Одиночество зверя - [5]

Шрифт
Интервал

— Я тоже. Последствия аварии ведь устраняются, и я обладаю более свежей информацией.

— У вас работа такая, — вновь чуть улыбнулся президент, задержав пристальный взгляд на своём премьер-министре. Тот сразу почувствовал приближение неких неясных событий — то ли благотворных для него, то ли катастрофических. Взгляд Покровского всегда заставлял его не столько задумываться, сколько готовиться к ожиданию поворота в судьбе.

— Сергей Александрович, вы хотите придерживаться прежнего стиля поведения? — поинтересовался Сапунов, нервно поглаживая сияющую в ярком освещении лысину.

— А что, у вас есть какие-то предложения? — недовольно встрепенулся Вороненко, всегда гордившийся имиджем президента, к созданию и поддержанию которого приложил немало усилий.

— Нет ничего невозможного, — пожал плечами творческий человек. — Можно добавить мягкости, можно — решительности.

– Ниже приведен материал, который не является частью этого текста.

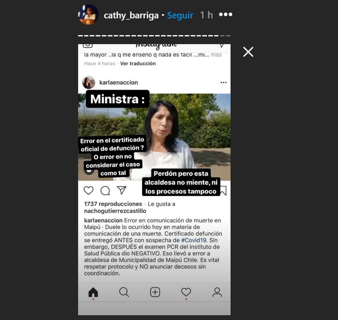 La alcaldesa de Maipú volvió a recurrir a Instagram para referirse a lo ocurrido, comentando las palabras de Rubilar.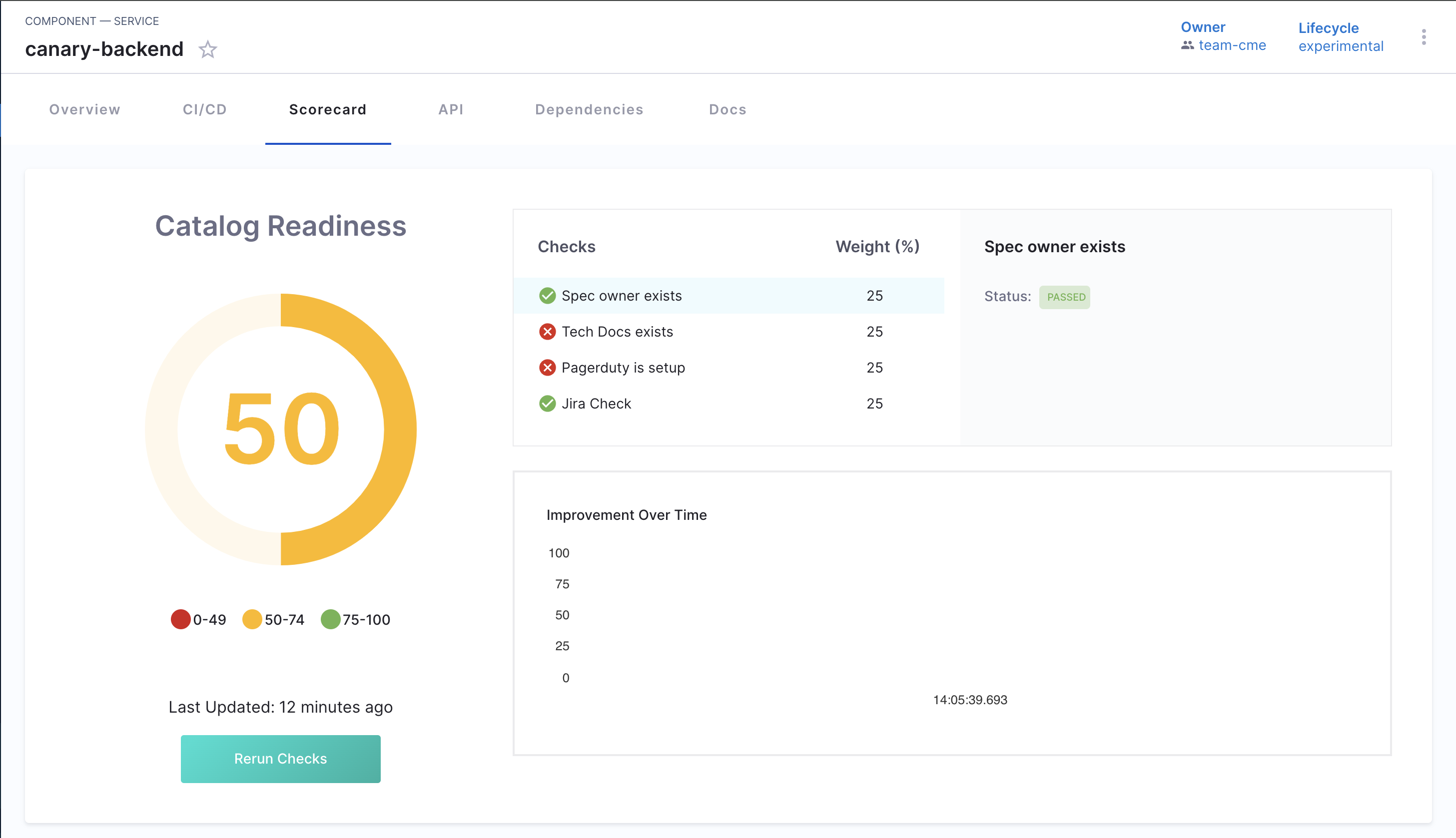 With your catalog populated with software components and plugins enabled, it's time to create a scorecard. Using the catalog datasource, you can monitor the existence of essential root fields and integrations defined through annotations in the catalog-info.yaml metadata. Tracking this information within the catalog helps to enforce organizational engineering standards.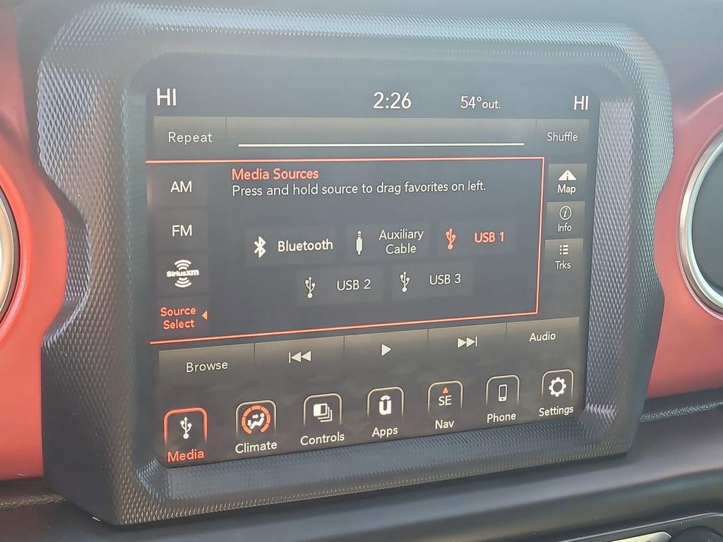 The 2020 Jeep Wrangler Unlimited Rubicon is equipped with an 8-Speed Automatic 850RE Transmission and an 8.4-Inch Radio and Premium Audio Group, making it a standout in its class. This model features a Regular Unleaded V-6 3.6 L/220 engine, ensuring a robust performance for both on and off-road adventures. Optional equipment includes a 4G LTE Wi-Fi Hot Spot, 5-Year SiriusXM® Traffic™ Service, and 5-Year SiriusXM® Travel Link Service, providing connectivity and convenience for every journey. The exterior is complemented by a Black Sunrider® Soft Top, adding a touch of rugged style to its iconic design.
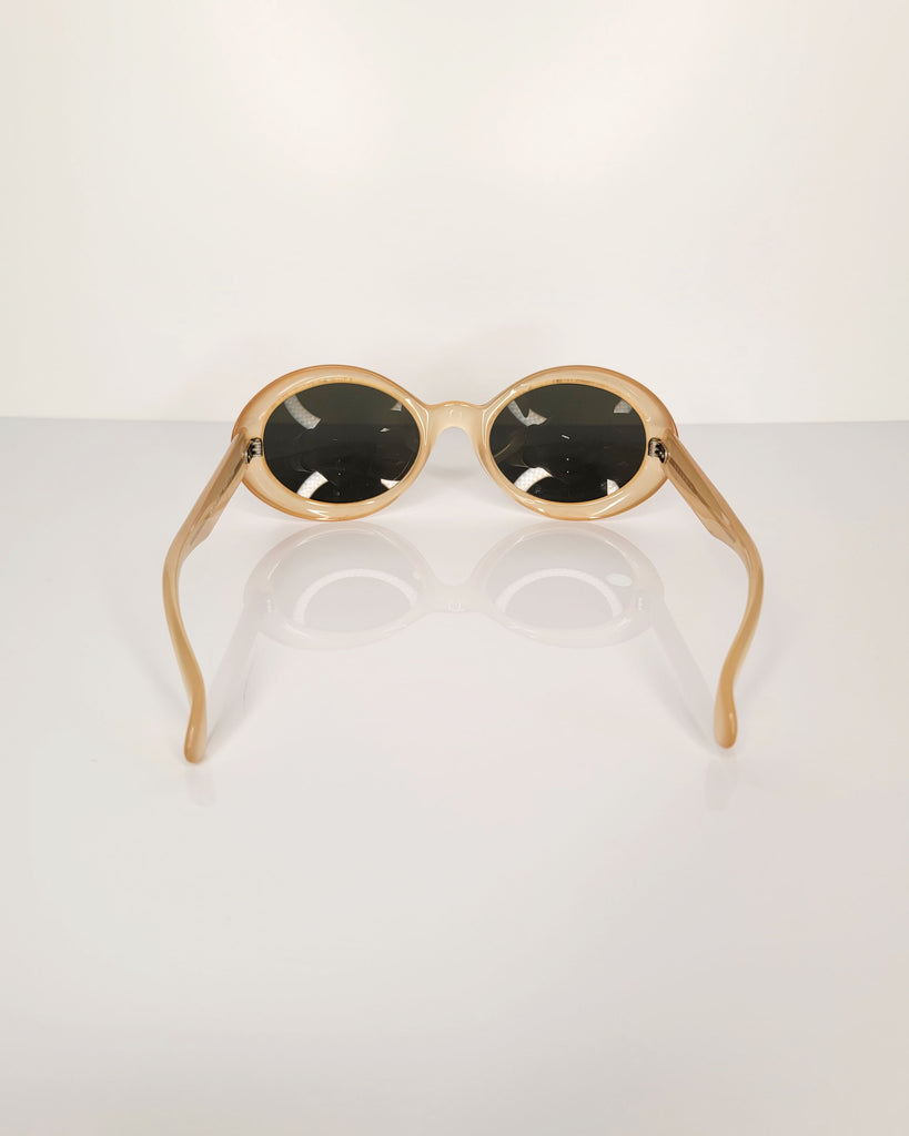 Vintage Ellen Tracy rounded retro sunglasses in a glossy earthy shade with dark contrasting lenses.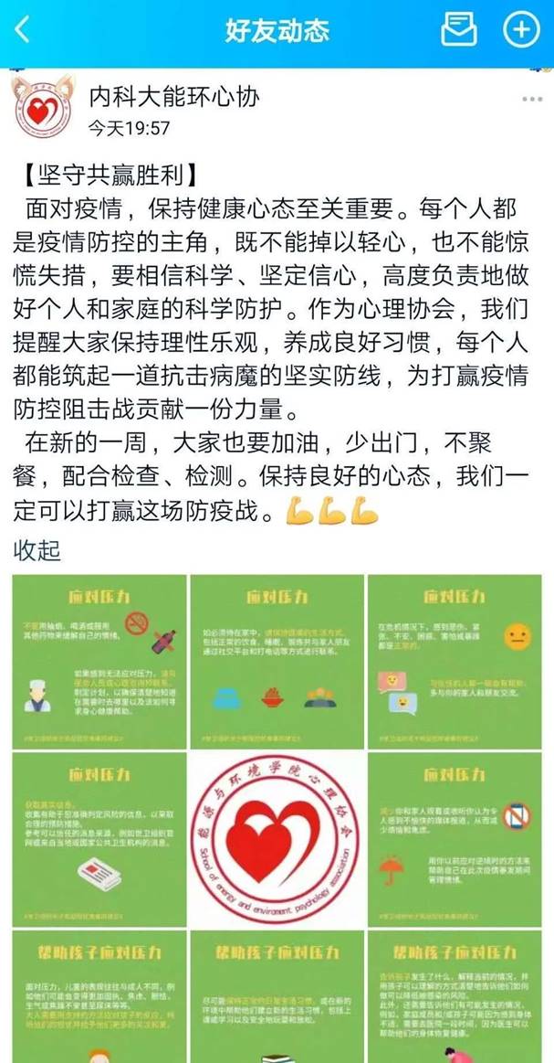 为更好地服务因新冠肺炎疫情情况导致不良情绪的同学,学院组织辅导员开展针对性的心理辅导工作,并组织学院心理健康教育协会及各班心理委员定期为班级同学推送相关的心理健康知识,使同学们能够正确理性认识新冠肺炎、消除内心的恐慌,积极向上的面对这场战“疫”。
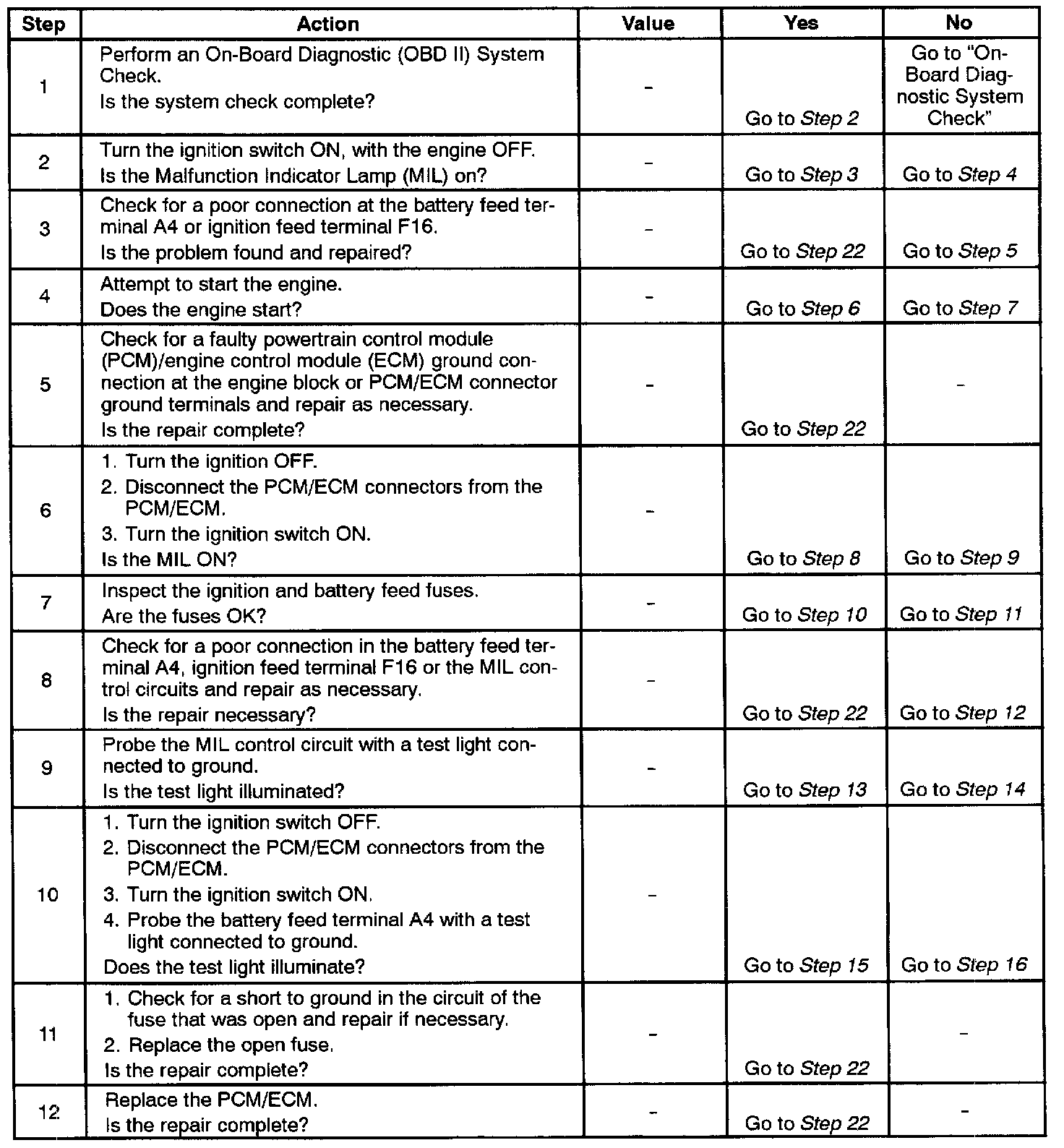 4. If the engine fails to start and the MIL is inoperative, then the fault can be isolated to either the PCM/ECM ignition feed, The battery feed, or a poor ground at the engine block, or the PCM/ECM.

У вас в текстовке проговорена забота о детях и стариках?

— Разумеется. В самом конце.

— Замечательно. Здесь можно задержаться поподробней, привлечь больше внимания аудитории. Можно назвать чьи-то конкретные имена, показать затем сюжет?

— Имена конкретных детей и стариков?

— Да, детей или стариков. Может, имели место какие-то происшествия, есть особо пострадавшие? В больницу никто не попал?

— Никто в больницу не попал, — со сдержанной яростью в голосе сказал Вороненко, глядя в упор на Сапунова. — У нас не стихийное бедствие, не землетрясение, не наводнение, не ураган и не извержение вулкана. Обыкновенное происшествие в коммунальном хозяйстве, которое эффективно и быстро улаживается властями, не надо делать из него катастрофу. Вы свои телевизионные замашки всё же пытайтесь сдерживать иногда.

— Ладно, коллеги, — сухо заметил Покровский, — давайте работать, пока мы тут не испеклись под вашими прожекторами.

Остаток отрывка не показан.